High school study classes questioned

Parents looking for ways to reduce cuts to arts programs in the school district thought they had found a great solution when they suggested replacing study skills classes at Ashland High School with extra electives.

Students would benefit much more from band, choir or drama than a study hall taken for credit, they reasoned.

But after a meeting with Superintendent Juli Di Chiro, the parents were shocked to find out that the classes are used as a cheaper alternative to keep class sizes down. Sixty students can be assigned to a single study skills class, while most other electives are held to around 30 students for space and safety reasons.

"We're not saying, 'Give us more money,' or 'Don't institute the cuts,' or 'Cut them and don't cut us,'" said DW Wood, president of Ashland High Arts Advocates. "Our position is, 'Let's be smart about this. Let's have vision.'"

Wood, who has two children in high school and one in middle school, said she doesn't want her kids taking study skills classes.

"They're so busy," she said. "That would be time they could learn something important."

Another parent of a high school student in study skills classes wrote Wood an e-mail advocating for an end to the class.

"I am appalled at this continuous waste of time that is actually considered a class," she wrote.

School perspective

Study skills classes will be cut along with everything else next year, Ashland High School Principal Jeff Schlecht said. Only freshman and sophomores will be able to take the classes, and juniors and seniors will have the option to take academic classes online through Grizznet, the school's secured Web site. Students can also stay after school every other day for eighth period, which was eliminated during budget cuts several years ago, and get extra help from teachers.

Study skills can be very beneficial for students in sports or drama who have hours of practice in the afternoons and evenings, and students are signing up for study skills instead of electives that can handle larger class sizes, Schlecht said.

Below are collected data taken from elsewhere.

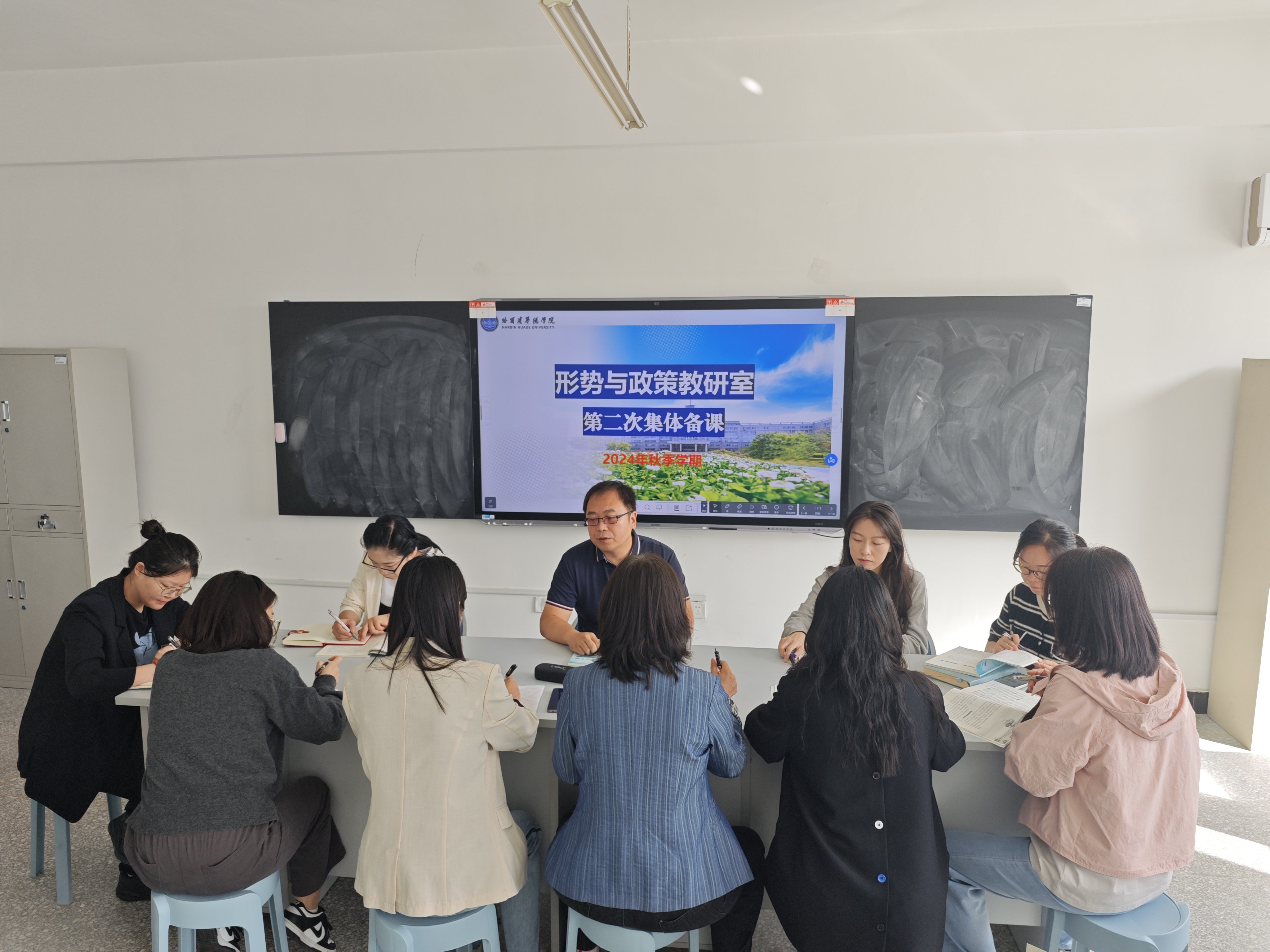 为充分发挥教师集体智慧,实现资源共享、优势互补,打造高效、精彩课堂,9月13日,形势与政策教研室在教四513教室开展了“形势与政策”课程教学团队的集体备课活动。形势与政策教研室副主任周启新主持了本次活动,全体授课教师参加。
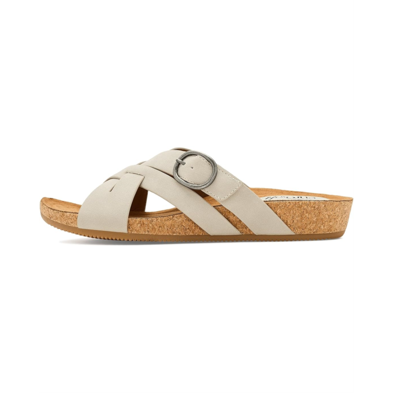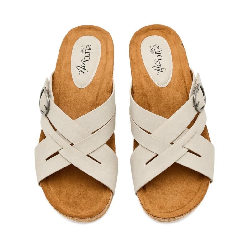 - The EuroSoft Grainger sandals are slide sandals with a buckle accent and a hidden hook-and-loop adjustability for a secure fit. These sandals are made of a woven faux leather upper, a rubber insole, and a faux suede lining. Their padded sock footbed offers extra comfort, while the lightweight construction makes them comfortable for all-day wear. Walk with cushioned comfort wearing these slip-on sandals.
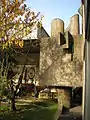 - Detalle del muro curvo de la caja de escaleras principal.
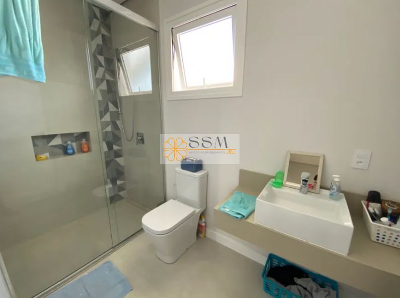 - A casa possui 4 suítes sendo uma para visitas no andar térreo com porta e banheiro de dimensões para cadeira de rodas e outras 3 suítes para a família no andar superior, todas com closet e persianas automáticas. A suíte máster possui banheira de hidromassagem Jacuzzi para 2 pessoas, pia dupla, 2 chuveiros de teto e sala íntima com vista para a Serra do Japi.
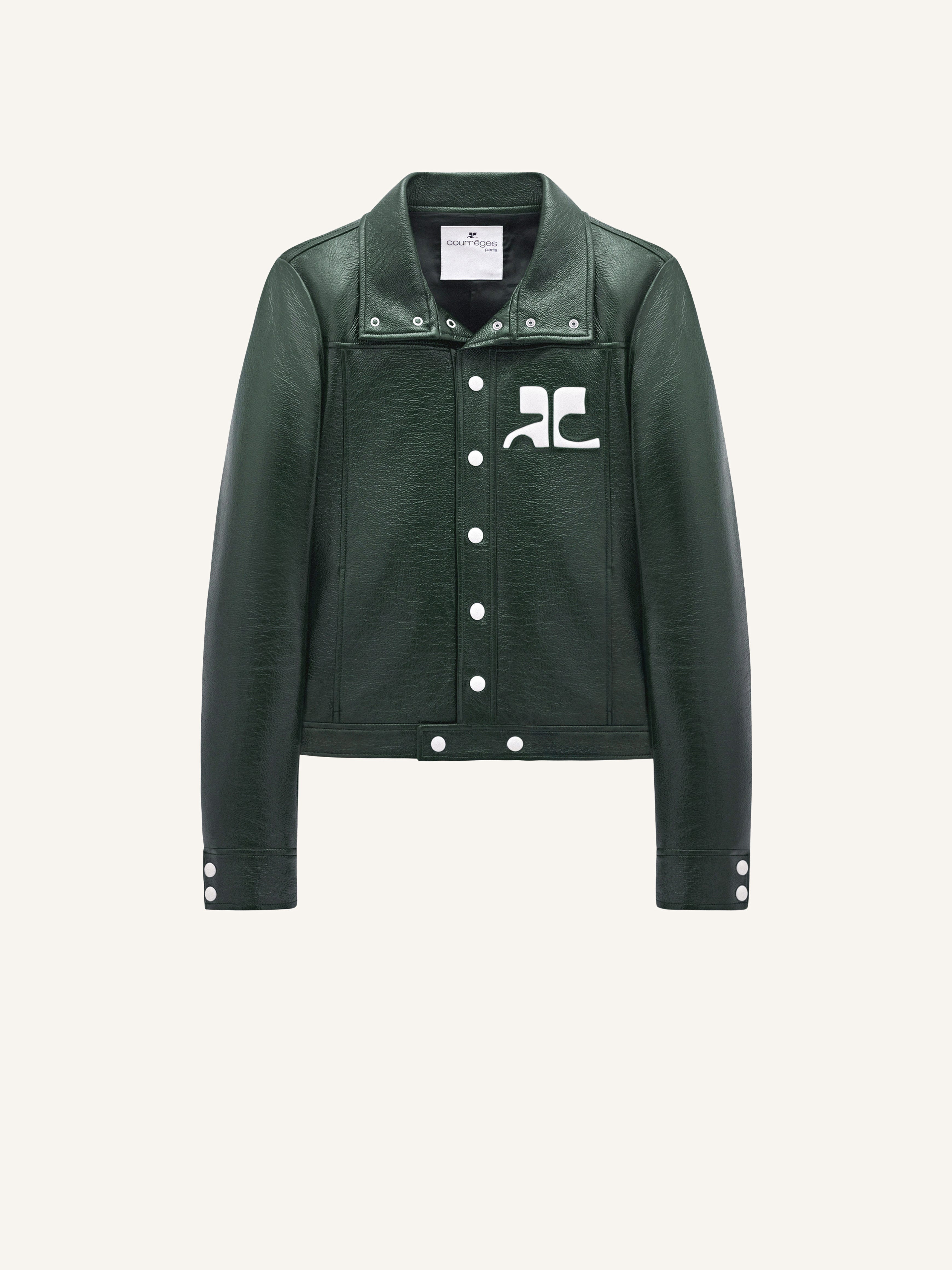 Inspired by the house's emblematic 1971 style, this iconic vinyl jacket features a white AC logo inlaid on the chest. With two side pockets and a press buttons closure in the middle front and on the cuffs, as well as a high collar. This model is lined. The cut of the vinyl jacket from the Reeditions collection is close to that of the iconic model from 1971. It is a tight fit and was designed to be worn open. For more ease, we recommend that you choose the next size up from your usual size. DETAILS Composition : 88% COTON 10% POLYURETHANE 2% ELASTHANE 55% POLYAMIDE/NYLON 25% POLYURETHANE 20% ELASTHANE 100% CUPRO Color : Dark green Item code : PERCBL017VY00148081
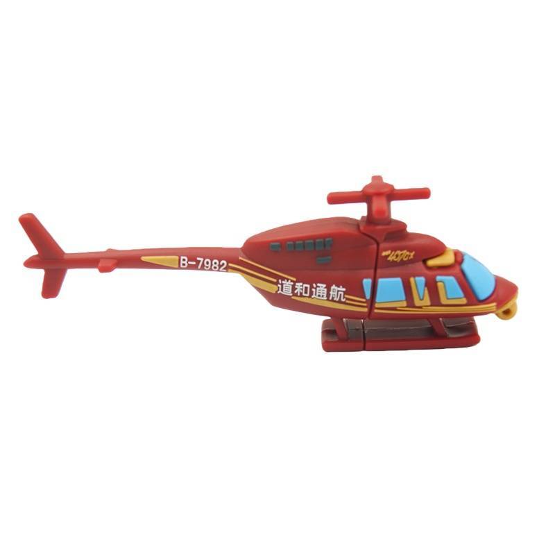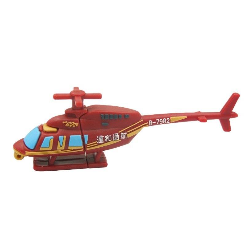La unidad USB Daohe Helicopter está diseñada para parecerse al modelo que representa, con su combinación de colores rojo brillante, el logotipo de Daohe Helicopter y el número de registro B-7982.
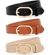 XZQTIVE Women Leather Belts for Jeans Pants Dresses Plus Size Ladies Waist Belts Fashion Gold Buckle Casual Leather Belts black brown waist belt Specification:Women Leather Belts Material: Soft faux leather and durable shiny gold buckle Belt Size Reference:S: 100 cm/ 39 inches, fit waist 25"-30"M: 110 cm / 43 inch, fit waist 31"-37"L: 120 cm/47 inch, fit waist 37"-42"XL: 130 cm/51 inch, fit waist 42"-47"2XL: 140 cm/55 inch, fit waist 48"-52"3XL: 150 cm/59 inch, fit waist 53"-57" Color:Black belt with gold buckleBlack belt with silver buckleBlack belt with black buckleBrown belt with gold buckleCoffee belt with gold buckle Mating for clothing:Fashion leather women belts perfect for your jeans, pants, dresses, shirts, coats and any outfit. Occasions: Daily wear, Office, Clubs, Parties, Travel, Dating, Shopping Packing List: 1 * women leather belt1 * hole punch tool Review: Blk belt - The belt looks great, but it does stretch some while you wear it. I had to readjust the belt throughout the day. Review: A bit thinner thickness - It fit!! It's a bit on the thinner side. Decent price at least

The only classes that could absorb extra students are band, orchestra, choir or P.E., but those aren't as popular as they once were, Schlecht said.

"When we try to encourage kids to enter performing arts, band, orchestra or choir, they say, 'Well, I don't play any instruments; I don't sing.' So for a high-schooler that just doesn't seem to be a viable option for them," he said.

Schlecht has cut those classes as well as welding and some business classes because of low student interest, and classes across the board, not just electives, have been reduced with two phases of cuts this school year, he said.

Students speak

Students are divided over the benefits of a study skills class during the school day.

"I think it's a waste of time," said freshman Carl Gorbett, 15, who never even considered taking a study skills class. "There are so many other opportunities compared to a class where you just do homework."

Freshman Fernando Quispe often doesn't have enough homework to keep him busy, but his parents make him take it, he said.

His friend Sophia Therien, 14, also takes the class because of her parents.

"I hate it because I just sit there in the whole class," she said.

But for junior Abby Kollar, 17, a study skills class during school is the only way she gets to sleep during the water polo and tennis seasons.

"I've taken a study skills almost every semester," she said. "Instead of pulling an all-nighter, I can at least get two hours of sleep. I personally get a lot of work done."

This is the first semester she hasn't taken the class, and she can tell a definite difference.

"It's very hectic," she said. "I'm staying up later. I'm doing homework any possible time I can."

Sophomore Victoria Ward, 16, also felt she needed the extra time because she is taking a challenging science and language class and plays volleyball.

"I love it," she said. "I feel more motivated to get my homework done when I'm in a classroom because if I go home, I'll get distracted by other stuff," she said.